» About this task
Wherever a line of the listing holds the string "Lietuvos", copy that line.
↓
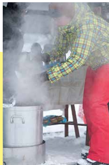
Gott med värmande ärtsoppa mellan aktiviteterna.
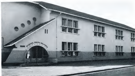
REINA BEATRIX SCHOOL: enige openbare basisschool in Playa!

komst, besteed worden aan het onderwijs. Wat ondermeer moet gebeuren, is het aanstellen van een gedeputeerde, of na 1 januari a.s. een minister, die enkel en alleen belast is met de zorg voor het onderwijs. Een persoon, die deskundig is op het gebied van het onderwijs en beschikt over een duidelijke visie hierop. Deze gedeputeerde of minister moet zich vervolgens laten bijstaan door een staf van deskundigen, die zich in teamverband op de vernieuwingsproblematiek kunnen werpen. Hijzelf zal de grote initiator van het geheel dienen te zijn. Pas dan zal de overheid in staat zijn een efficiënt en vooruitstrevend onderwijsbeleid te voeren. De op dit moment aan de bijzondere schoolbesturen formeel toekomende bevoegdheden, zoals het benoemen van leerkrachten en de keuze van de leermiddelen, vormen dan weliswaar geen belemmering voor het doorvoeren van onderwijsvernieuwingen op zich, daar de schoolbesturen zich in de praktijk toch veelal afhankelijk opstellen, doch zijn wel obstakels voor het voeren van een compleet onderwijsbeleid door de overheid. Te dikwijls gebruiken de representanten van het bijzonder onderwijs de vrijheid van onderwijs als wapen tegen het doorvoeren van structurele en materiële onderwijsvernieuwingen.
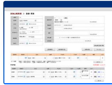
<供物台帳管理画面>
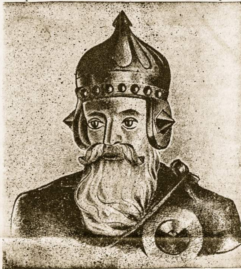
Lietuvos valdovas Mindaugas (1236-1263) pirmas jos Karalius, vainikuotas 1253 metais.

vardas paminėtas 1009 m. Tas rodo, kad lietuvių apgyventa žemė turėjo jau aiškias sienas. 1219 m. Lietuvos kunigaikščiai sudarė sutartį su Volinija. Lietuvai atstovavo 21 kunigaikštis. Jų tarpe buvo penki vyresnieji, kuriems
↑
» Task output
Lietuvos valdovas Mindaugas (1236-1263) pirmas jos Karalius, vainikuotas 1253 metais.
vardas paminėtas 1009 m. Tas rodo, kad lietuvių apgyventa žemė turėjo jau aiškias sienas. 1219 m. Lietuvos kunigaikščiai sudarė sutartį su Volinija. Lietuvai atstovavo 21 kunigaikštis. Jų tarpe buvo penki vyresnieji, kuriems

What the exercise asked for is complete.